What do you do if/ when your API supplier is inspected by FDA, receives a 483, and warning letter?
Do you have a quality agreement in place that specifies notification of inspection results?
Do you have alternate qualified suppliers to turn to while this manufacturer addresses their quality concerns/ issues with FDA?
What if, your supplier issues a recall of their API? Can you track and trace where this API was used, distributed to, and if necessary issue a recall?
Could this happen to you??? Do you have a plan when/ if this happens?
Receipt of Adulterated Drugs
In a recent warning letter PCCA was cited by FDA that the facility received [redacted] from supplier [redacted] on July 30, 2018. All products from supplier [redacted] were listed on an Import Alert 66-40. In the warning letter the FDA expressed a concern that in the past, [FDA has] taken regulatory action against at least 23 of your other API suppliers for the manufacture of adulterated drugs under section 501 of the FD&C Act by either listing their drugs on import alert and/or issuing them warning letters. Drugs from multiple API suppliers used by PCCA were listed on an import alert…

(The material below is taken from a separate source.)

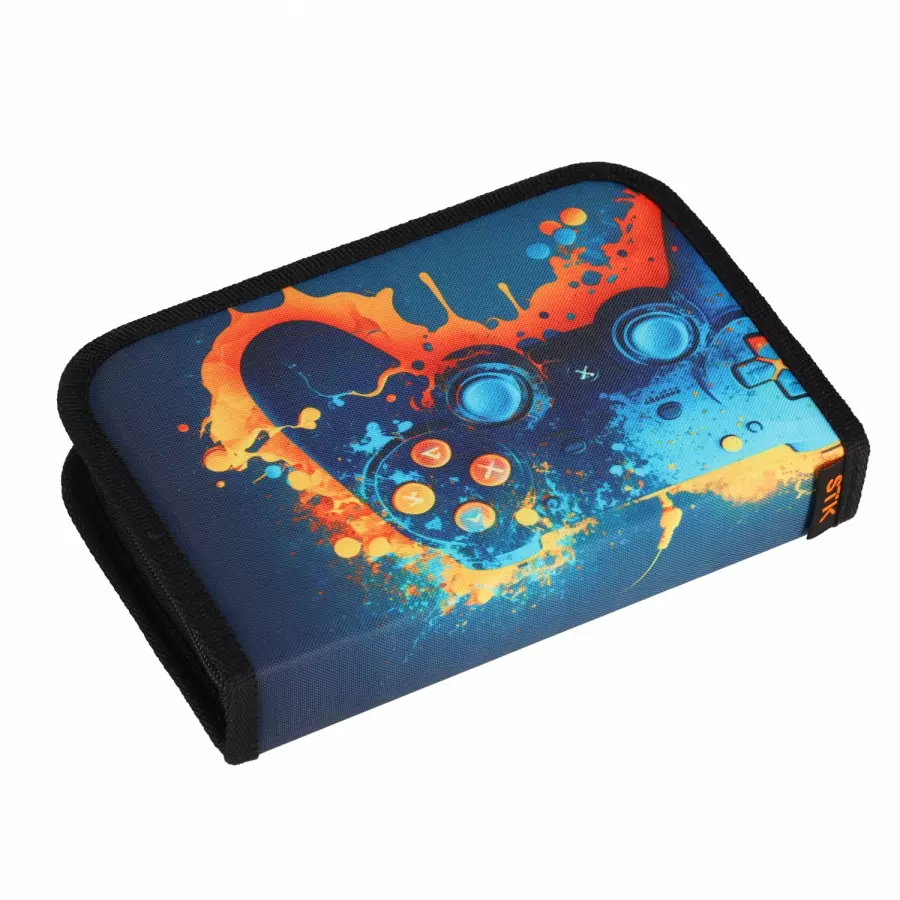 Duży piórnik z 2 skrzydełkami i elastycznymi uchwytami na przybory szkolne zapinany na mocny zamek.

Adulteration and Misbranding of Glycerin API
Additionally, PCCA repackages glycerin USP. However FDA compared the testing required in the identification section of the USP monograph for glycerin with PCCA analytical test results, which reference the USP method, and determined the testing for identity of glycerin conducted by PCCA was incomplete and therefore was not adequate to assure that your [PCCA’s] glycerin conformed to the compendial standards of identity.

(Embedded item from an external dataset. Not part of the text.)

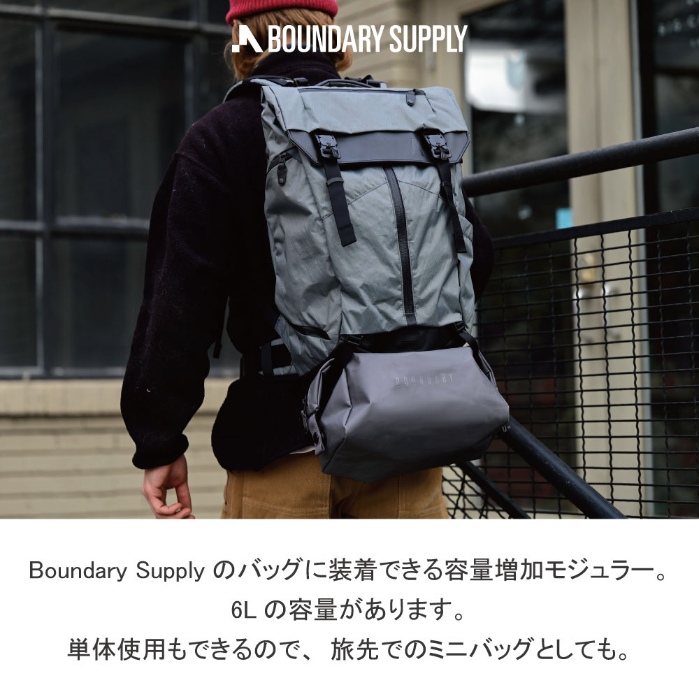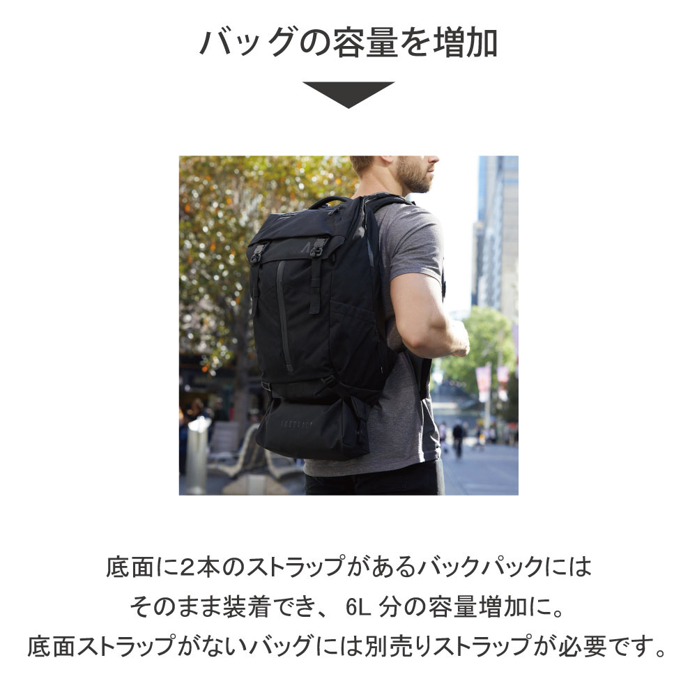 バックパックの底面に装着できる、容量増加コンパートメント。撥水加工が施されているので、雨の日も安心です。

Misbranding Due to False or Misleading Labeling of Drug Products
The labels your firm affixed to the following repackaged/relabeled API identify PCCA, but do not designate your firm’s role:
• tramadol HCl (lot # C191954);
• fentanyl citrate (lot # C189348);
• buprenorphine HCl (lot # C191213); and,
• morphine sulfate (lot # C192769).
Evidence collected during the inspection of your facility establishes that other firms were involved in the manufacturing of these API. Because these API labels bear only the PCCA name without further qualifications, the labels falsely represent that PCCA is the sole drug manufacturer.